I came across an audio interview with Lara Parker last week where she mentions having a rather "Dickensian" childhood, something I had never heard before. She doesn't use the tern "Dickensian" herself, but I think it fits when she tells of having spent several years in a boarding school because her mother didn't have time to raise her. I noted a catch in her voice for just a moment; in fact, she sounded extremely tired and unguarded throughout the interview. She talked about a large, oversized woman who would always seize a child to use as a living cane or walker and dig her claw-like fingers into the child's shoulder and lean on the child to walk (Lara was one of her victims). Lara said she wrote about her boarding school experiences under the guise of her character Victoria Winters in her last DS novel, "Heiress of Collinwood." She said everything she wrote about really happened to her.
I am considering ordering this novel if only to read that section. You can read a preview of the opening of the novel on amazon, and her writing is very good, though I didn't care for many of the ideas she came up with for "Angelique's Descent," so I never read any of her subsequent novels (though I think I bought the second one).

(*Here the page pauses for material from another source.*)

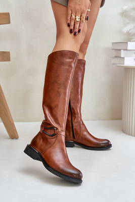 Zazoo 70140 Skórzane Kozaki Damskie Przed Kolano Ocieplane Brązowe
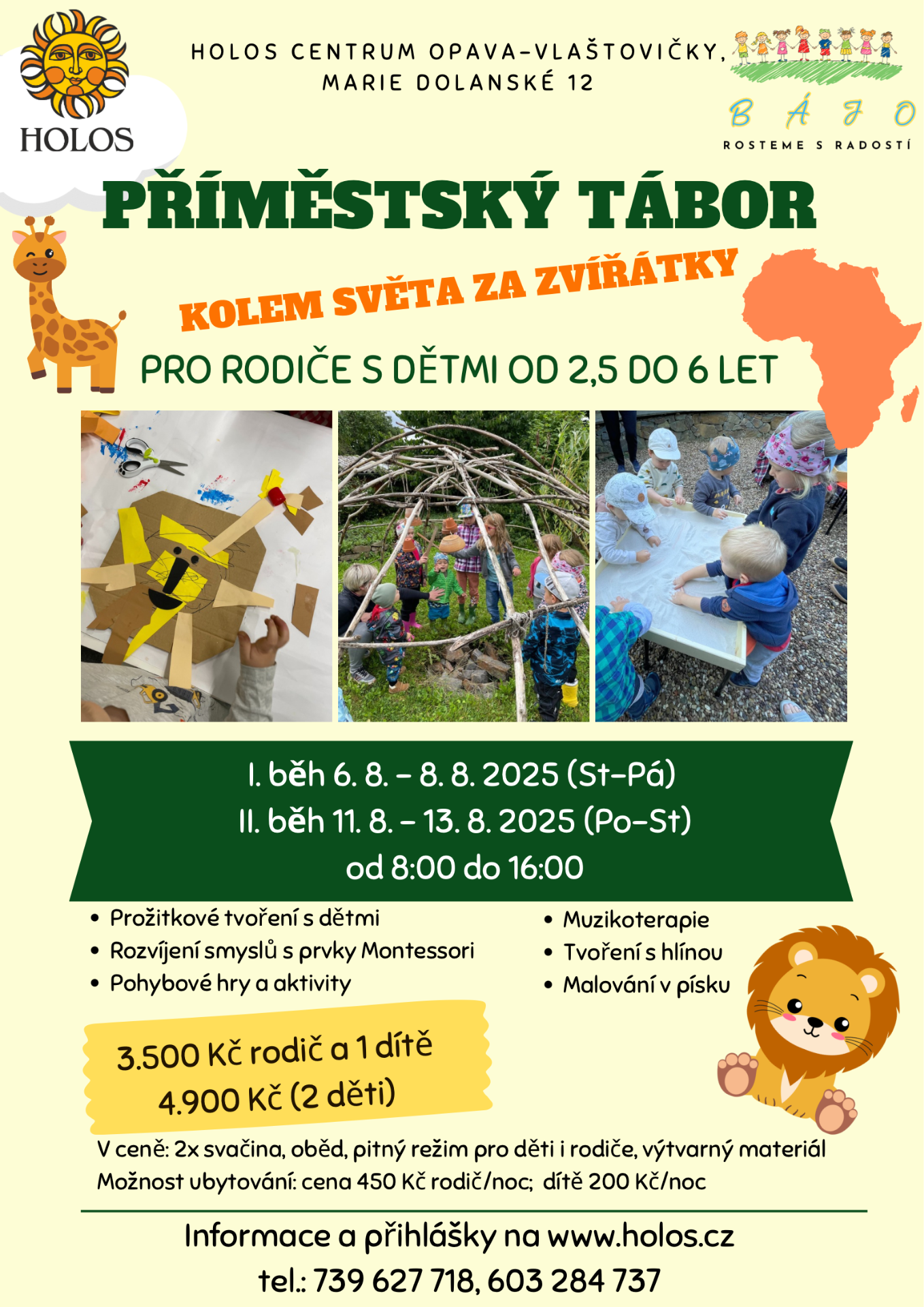 Pořádáme příměstské tábory pro rodiče s dětmi ve věku od 2,5 do 5 let a příměstské tábory pro děti ve věku 6 až 12 let. Tábory již tradičně probíhají v krásném prostředí Holos Centra v Opavě Vlaštovičkách.

As someone mentioned on this forum during one of DS's runs on the Scifi channel, it must have been around 1998, Reverend Trask's Worthington Hall in the 1897 storyline is modeled after the boys' school Dotheboys Hall in Dickens' "Nicholas Nickleby."
If anyone reading this has read Lara's book, I would be interested to hear your comments about this aspect of it.
The interview with Lara was nearly an hour but I found was well worth listening to. She mentions (in a bemused way) Jonathan Frid and Grayson Hall as being theater snobs. Her comments on Joan Bennett show she had both respect and sympathy for Miss Bennett with respect to the latter's somewhat chagrined attitude about working on a daily soap opera.